Drawing is as important a skill as writing or the spoken word for effectively communicating ideas. Anyone who can pick up a pen can draw, and the most abstruse ideas can be communicated with drawings. Without drawing technology would never have reached it’s current stage. It might have done, but it would have taken a few thousand years from now, and you would presently be too busy fending off predators to be sitting in front of your computer reading this.
My favourite form of drawing is the doodle. While your mind is somewhere else, for instance during a telephone call or while listening to Parliament Today on Radio 4, the pencil comes to life and a picture that you could never have intended to draw starts coming to life. Often the doodle serves as a memory marker, so that by looking at a doodle one can remember what one was talking about or doing at the time of the doodle. Never underestimate the doodle!
The best aspect of drawing is perspective. With perspective imaginary worlds can be geometrically constructed to resemble post medieval reality. The joy of perspective is the simplicity of it. Take an object and draw it. Measure the distance between you and it. Move the object to twice the distance away and draw it again (carefully measured with your pencil, if you’ve ever been taught to draw like that). You’ll find the second drawing half the size of the first drawing. Here’s the clever bit: draw a line from the top of the first drawing and the top of the second drawing, then draw a second line between the bottom of the first drawing and the bottom of the second drawing, and you will find that both lines converge towards a point.
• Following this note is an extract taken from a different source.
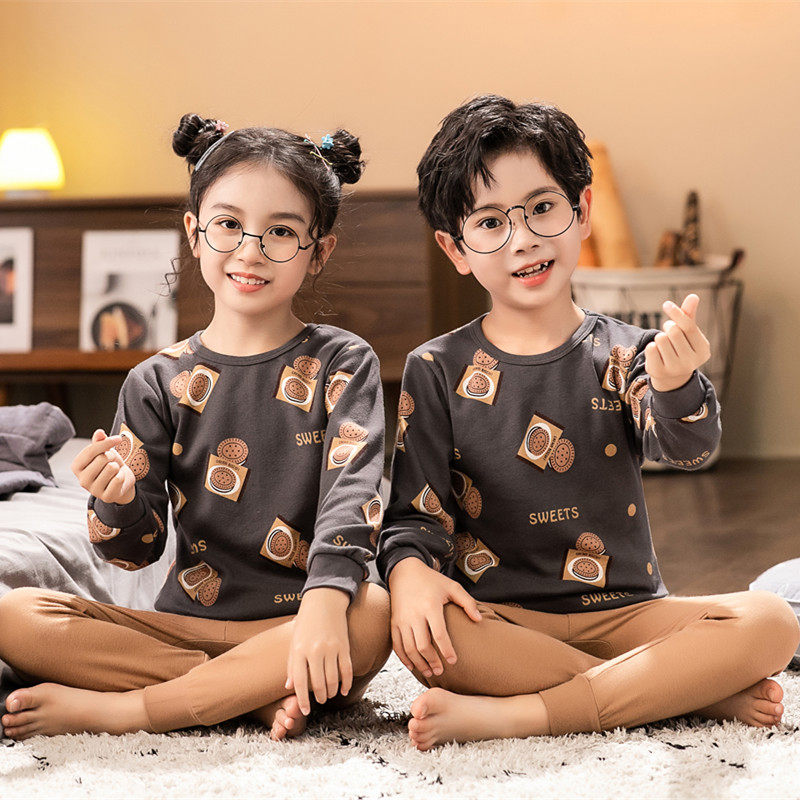 Детские нижнее белье комплект чистый хлопок на мальчика на девочку Проволочные брюки полностью хлопок Ребенок ребенок мужской ребенок удерживающий тепло Осенняя одежда

This is the vanishing point. With the vanishing point you can predict where any line that is parallel to those lines is going to go. With two or three vanishing points you can construct the whole of orthogonal reality.
Come to think of it save yourself the effort and get a camera. It’s a lot easier and it will do all the perspective calculations for you at the press of a button.
Which brings me onto photography. Correction – the camera does no calculations whatsoever. Light is always in a hurry and needs to get from A to B in the shortest time possible, and forming an image is the easiest thing for it to do provided that the lenses and the film are in the correct places.
Cameras do their best with capturing time. The shutter opens then it closes and anything that happens before and after is discarded, and so is everything that happens everywhere else, including behind the camera and under your kitchen sink. You can ameliorate this problem by leaving the shutter open for longer and attaching a wider angle lens, having more cameras, and using light that shines through things such as x-rays.